He Said: Like movie, nose wiggle a little off
The casting of “Bewitched” is such a master stroke it seems like the filmmakers could have stopped there.
The problem is, it appears they did.
According to the Internet Movie Database, Jennifer Aniston, Gwyneth Paltrow, Cameron Diaz and Alicia Silverstone competed with Nicole Kidman to play TV witch Samantha. Technically, the other actresses were vying with Kidman to play the witch playing the witch. No spoiler here ” the central gag of “Bewitched” is Will Ferrell stars as a washed-up actor who’s remaking the old television show and accidentally casts a real witch.

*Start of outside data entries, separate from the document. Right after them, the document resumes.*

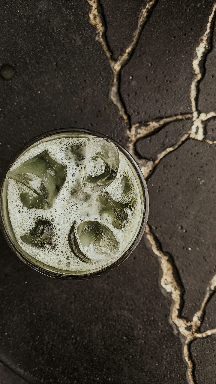 A crisp, clean wallpaper featuring a clear drinking glass filled with a vibrant green liquid. Perfect for a minimalist aesthetic.
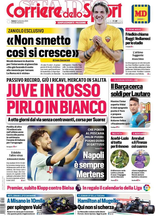Il Corriere dello Sport nella sua edizione di oggi titola a centro pagina: "Il Napoli è sempre Mertens". Spazio anche all'esclusione di Milik nell'amichevole contro il Pescara vinta dagli azzurri per 4-0: "Pugno duro di Gattuso". In alto invece si parla delle diifcoltà della Juventus a livello societario con le perdite in bilancio e il mercato in salita: "Juve in rosso, Pirlo in bianco".
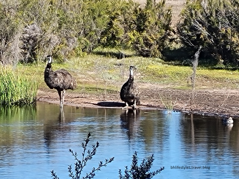 We also have so much food to sort out for our last day (dry & fridge) & it will be a challenge to consume it all or throw it out into a waste bin later. Anyway, we escaped out of Lakeside Caravan Park after the boom gate & turned right to head out onto the service road & then onto the main road however within the first 200m I had to brake very hard to avoid 2 large adult emus stressing out with my vehicle approaching alongside the road. The male, of course, I accept was the most stupid in overreacting. Lol!! The female was slightly smaller in statue & knew her partner would ‘control’ things … eventually. They were healthy & magnificent & were two of many about this park area at this time of the day. These two were the biggest I have ever seen. We were not able to get a photo of them either which was very unfortunate. EGR, myself & the van (loose items shifted to the front) all received a huge shock at first but then soon overjoyed with the wonderful close up nature.

Kidman seems like the best choice ” almost cute and charming enough to provide a little relief in an otherwise very bad movie, storing just a hint of “Practical Magic” mischief in her arched eyebrow. There’s just one major problem: Kidman’s character, Isabel Bigelow, lands the witch role on the show because she can twitch her nose just like the original Samantha, Elizabeth Montgomery.
Thing is, Kidman can’t twitch her nose like Montgomery could ” she purses her lips, wiggles them, and her nose kind of follows. It’s emblematic of the movie’s quality that “Bewitched” would cast Kidman, who can’t wiggle her nose, as a woman who lands a television part solely because she can supposedly wiggle her nose: “Full Frontal” for idiots.

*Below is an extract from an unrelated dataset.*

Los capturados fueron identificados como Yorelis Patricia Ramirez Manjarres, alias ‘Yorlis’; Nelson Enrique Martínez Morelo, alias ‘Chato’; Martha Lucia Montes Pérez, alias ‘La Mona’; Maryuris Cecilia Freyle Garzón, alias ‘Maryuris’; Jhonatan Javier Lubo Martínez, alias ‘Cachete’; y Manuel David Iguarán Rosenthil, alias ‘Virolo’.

The ironically inspired casting carries from Kidman to her co-star, Ferrell, who makes a perfect Darren by virtue of bumbling and being bland. Ferrell’s level of overexposure even lends a level of authenticity to his character, hacky Jack Wyatt.
Beyond the two leads, the casting remains excellent, from Shirley MacLaine hamming it up as the actress playing Endora to seemingly every member of “The Daily Show” in pitch-perfect cameos. Along with the movie’s central conceit ” a remake of “Bewitched” about a remake of “Bewitched” ” those choices would seem to set the stage for either some meta-dramatic humor or biting Hollywood satire.
But instead of following the lead of, say, “Noises Off” or “Get Shorty,” this latest in a long line of lowest-common-denominator remakes opts for hokey hocus-pocus jokes instead.